> What needs to be done: Every line from the one holding "Breitling Superocean Heritage" through the last line of the records must be retyped exactly, and no other line or picture may appear in the copy.

*** Opening of Records for the exercise ***

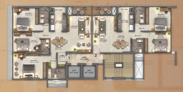 The 3 BHK residences are engineered for functional family living. Each home features a balanced spatial flow between living, dining, and private bedroom zones. The layouts prioritize:
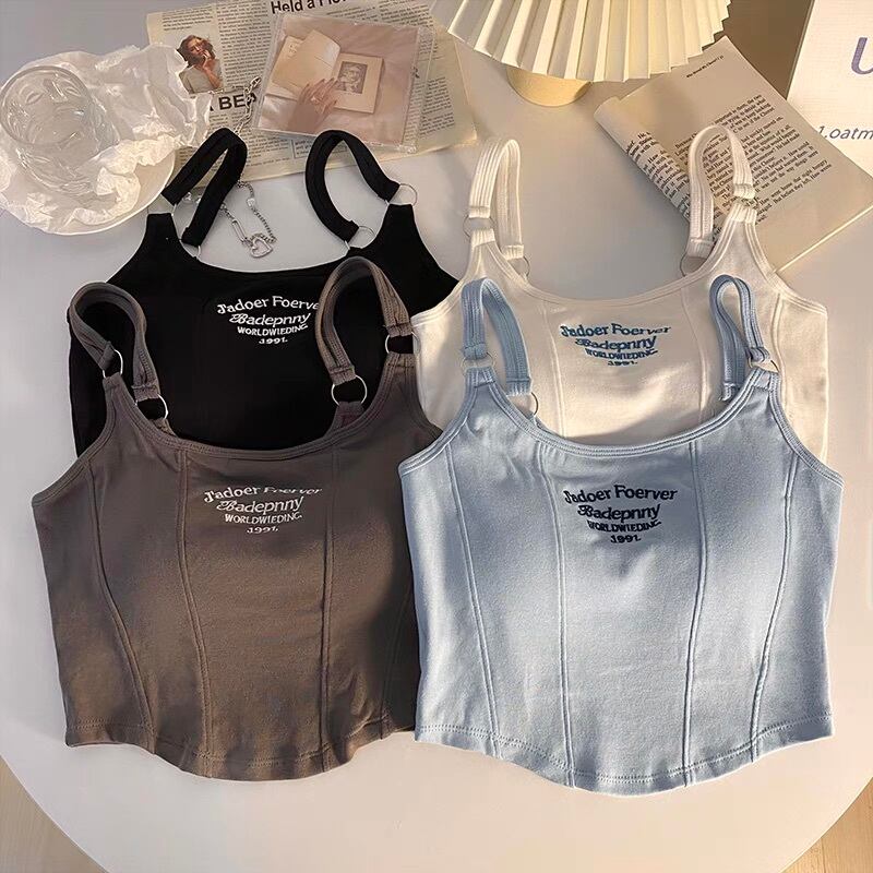 レディース トップス キャミソール ショート 袖なし ノースリーブ Uネック カップ付き かわいい 大人可愛い きれいめ おしゃれ レトロ こなれ感 ラフ ガーリー ルーズ 抜け感 ラブリー キュート ベーシック プレッピー ロマンティック ナチュラル ロゴ 夏 デート お出かけ イベント リゾート 旅行 ビーチ 女子会 休日 バカンス ショッピング ライブ フェス 重ね着 楽ちん 普段使い 着回し レイヤード トレンド 流行 インスタ映え フリーサイズ 白 ホワイト 黒 ブラック グレー 水色 ブルー
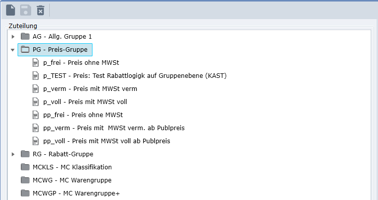 Auf der linken Bildschirmseite werden die bereits angelegten Gruppen in einer Baumstruktur dargestellt. Die Baumstruktur kann nur eine oder aber auch mehrere Hierarchiestufen enthalten. Die Oberste Gruppenstruktur ist vorgegeben und kann nur mit dem Programm «Systemmanagement» geändert werden.
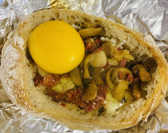 Pré-aqueça o forno a 190º C. Saltei o chouriço no azeite fomos cogumelos e os alhos picados numa frigideira até ficar no ponto. Coloque os pães sobre folhas de papel de cozinha dentro de um tabuleiro. Corte a parte de cima dos pães e retire-lhes o miolo. Comece por pôr uma camada de queijo mozzarella no fundo de cada pão. A seguir coloque coloque o preparado por cima do queijo. Depois, abra um ovo para dentro de cada pão e tempere com sal e pimenta. E leve ao forno durante cerca de 20 minutos cada pão deve estar enrolado em papel de alumínio até os ovos ficarem cozinhados ao seu gosto.
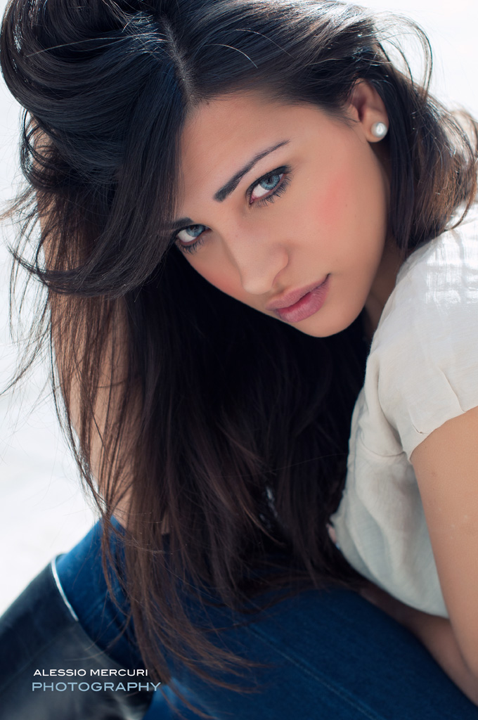 Una posizione della modella molto interessante . Mi piace molto la luce che quasi abbasglia in alto a sinistra e gli occhi poi !!
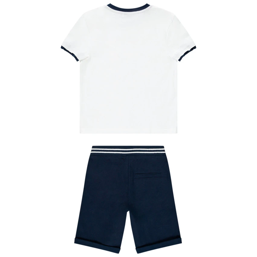 Short. Taille élastiquée avec bandes contrastées. Cordon de serrage. Deux poches sur le devant. Revers au bas du short. Une poche passepoilée à l’arrière.
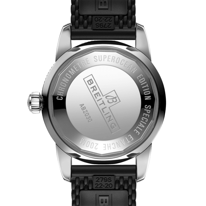 Breitling Superocean Heritage B20 Automatic 44 watch, polished stainless steel case 44mm, Reference AB2030121B1S1. The model has Black dial and is bold the iconic triangular-shaped large silver-tone different hands of polished steel with bold luminescent fill and applied polished stainless steel index hour markers with painted luminescent dot hour markers. Fine printed minute/seconds track with 15-minute Arabic numerals intervals on the outer perimeter. Date window located at the 6 o’clock position. The dial closed by a Cambered Scratch-resistant Sapphire Crystal with glare-proofed both sides. The watch has polished Stainless steel screw-locked crown with two gaskets. The crown has a ribbed edge for a comfortable grip and Breitling logo. They have solid screwed case back of Stainless steel. The watch is equipped Stainless Steel unidirectional-ratcheted rotating fluted bezel with a black ceramic top ring with silver in the form of index markers and a triangle at the origin. The Model comes with Breitling Caliber B20, beats at 28’800 vph, contains 26 Jewels and has an approximate power reserve of 70 hours. The watch presented on the Black Rubber Aero Classic strap with Push Button Folding Clasp. The water resistance is up to 200m/660ft.
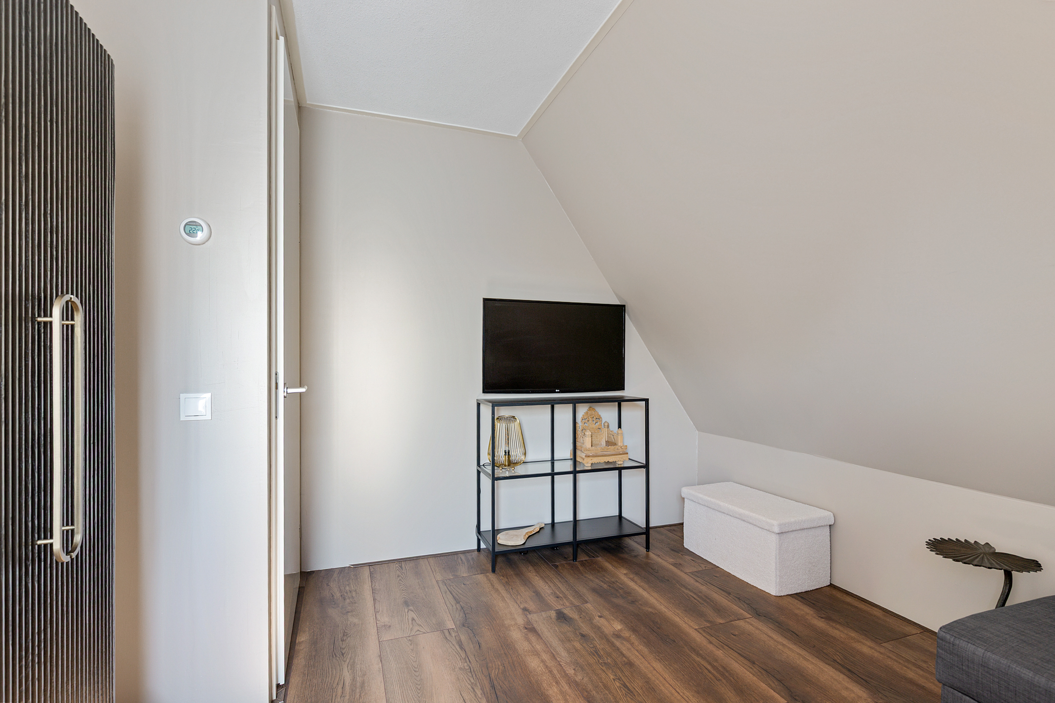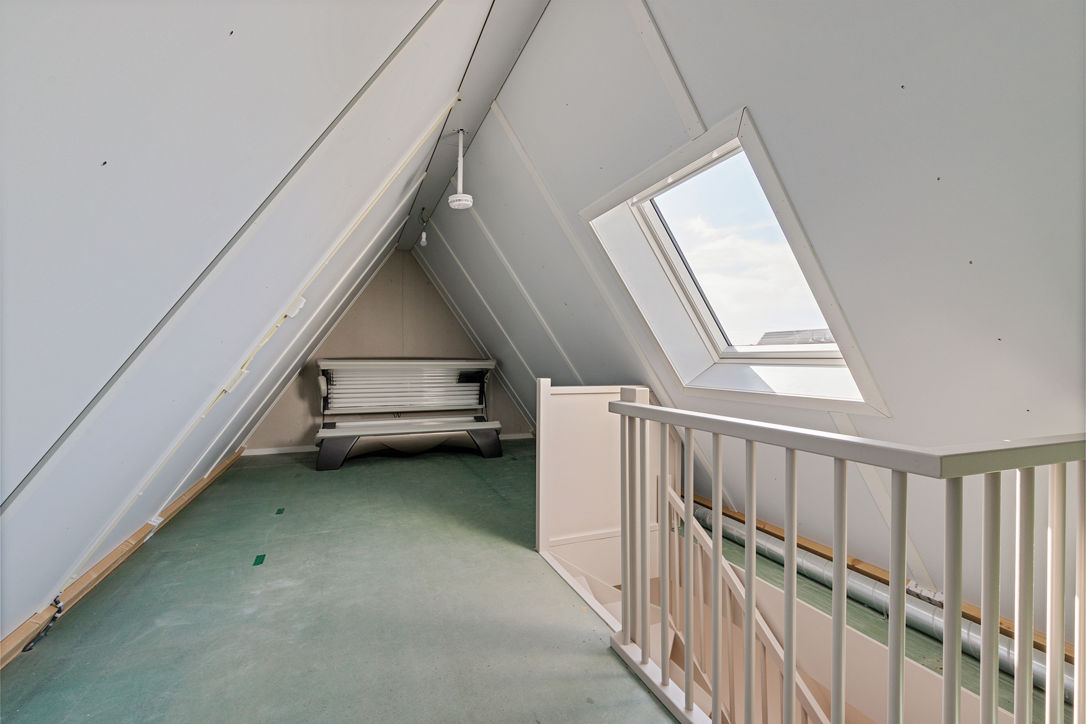 Een vaste trap leidt naar de verrassend ruime tweede verdieping met groot Velux-dakraam. Deze open ruimte biedt volop mogelijkheden: twee extra slaapkamers, een royale werkkamer of zelfs een tweede badkamer behoren tot de opties.
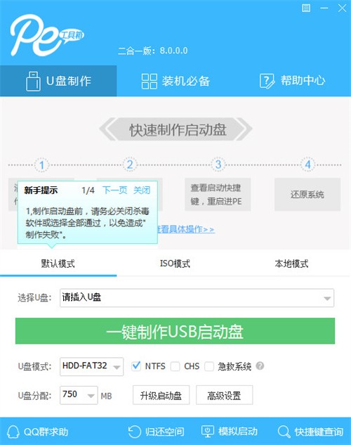 4、然后设置制作参数,如U盘模式,U盘格式及分配大小,如果不了解的,最好默认即可,无须设置。
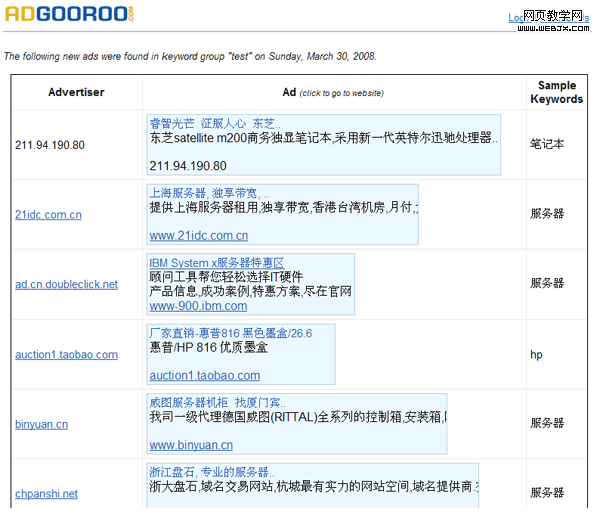 当我们的竞争对手或者其它广告主使用我们的商标做为关键词发布广告,就可以在最短的时间内获得预警信息。

*** Close of Records for the exercise ***

> Task result:
 Breitling Superocean Heritage B20 Automatic 44 watch, polished stainless steel case 44mm, Reference AB2030121B1S1. The model has Black dial and is bold the iconic triangular-shaped large silver-tone different hands of polished steel with bold luminescent fill and applied polished stainless steel index hour markers with painted luminescent dot hour markers. Fine printed minute/seconds track with 15-minute Arabic numerals intervals on the outer perimeter. Date window located at the 6 o’clock position. The dial closed by a Cambered Scratch-resistant Sapphire Crystal with glare-proofed both sides. The watch has polished Stainless steel screw-locked crown with two gaskets. The crown has a ribbed edge for a comfortable grip and Breitling logo. They have solid screwed case back of Stainless steel. The watch is equipped Stainless Steel unidirectional-ratcheted rotating fluted bezel with a black ceramic top ring with silver in the form of index markers and a triangle at the origin. The Model comes with Breitling Caliber B20, beats at 28’800 vph, contains 26 Jewels and has an approximate power reserve of 70 hours. The watch presented on the Black Rubber Aero Classic strap with Push Button Folding Clasp. The water resistance is up to 200m/660ft.
 Een vaste trap leidt naar de verrassend ruime tweede verdieping met groot Velux-dakraam. Deze open ruimte biedt volop mogelijkheden: twee extra slaapkamers, een royale werkkamer of zelfs een tweede badkamer behoren tot de opties.
 4、然后设置制作参数,如U盘模式,U盘格式及分配大小,如果不了解的,最好默认即可,无须设置。
 当我们的竞争对手或者其它广告主使用我们的商标做为关键词发布广告,就可以在最短的时间内获得预警信息。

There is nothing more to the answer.